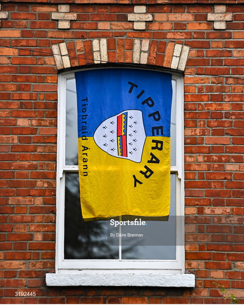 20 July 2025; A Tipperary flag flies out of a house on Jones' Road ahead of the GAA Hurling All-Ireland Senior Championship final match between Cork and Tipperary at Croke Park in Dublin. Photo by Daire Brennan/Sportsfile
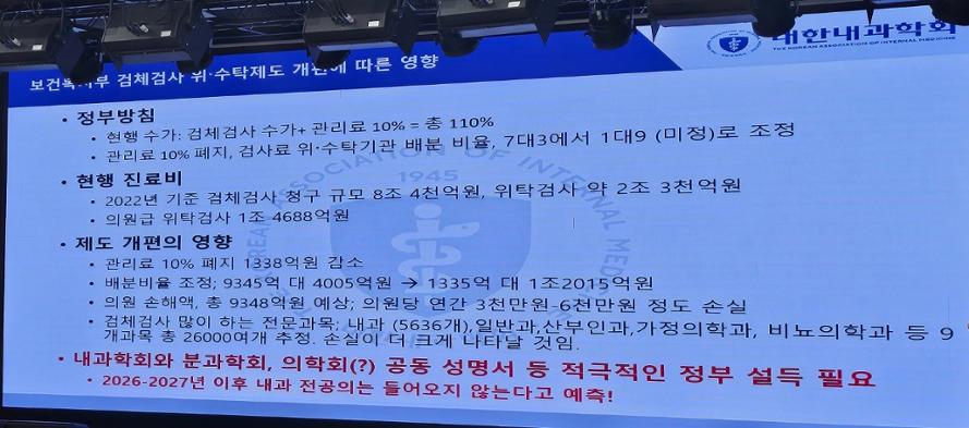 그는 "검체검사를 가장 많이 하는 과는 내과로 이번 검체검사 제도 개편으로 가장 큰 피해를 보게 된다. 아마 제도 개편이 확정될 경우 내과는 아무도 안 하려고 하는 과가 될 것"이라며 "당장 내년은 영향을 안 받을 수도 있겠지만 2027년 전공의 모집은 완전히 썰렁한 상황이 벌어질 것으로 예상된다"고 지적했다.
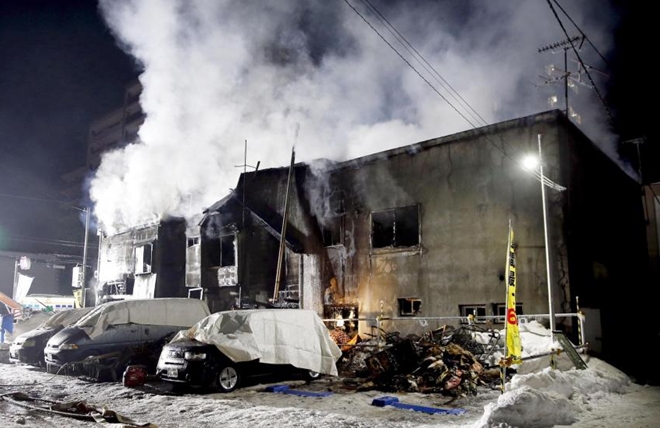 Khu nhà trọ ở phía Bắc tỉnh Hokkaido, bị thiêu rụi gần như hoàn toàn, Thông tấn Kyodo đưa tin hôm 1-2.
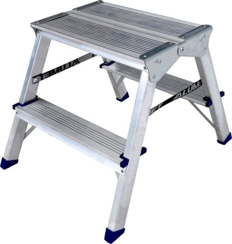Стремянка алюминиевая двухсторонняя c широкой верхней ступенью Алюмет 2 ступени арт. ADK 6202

■ **WHAT TO WORK ON**
Starting from the line where "내과로 이번 검체검사" appears, copy every line through the end of the material, both ends included, but no pictures.

■ **RESULT OF THIS TASK**
 그는 "검체검사를 가장 많이 하는 과는 내과로 이번 검체검사 제도 개편으로 가장 큰 피해를 보게 된다. 아마 제도 개편이 확정될 경우 내과는 아무도 안 하려고 하는 과가 될 것"이라며 "당장 내년은 영향을 안 받을 수도 있겠지만 2027년 전공의 모집은 완전히 썰렁한 상황이 벌어질 것으로 예상된다"고 지적했다.
 Khu nhà trọ ở phía Bắc tỉnh Hokkaido, bị thiêu rụi gần như hoàn toàn, Thông tấn Kyodo đưa tin hôm 1-2.
Стремянка алюминиевая двухсторонняя c широкой верхней ступенью Алюмет 2 ступени арт. ADK 6202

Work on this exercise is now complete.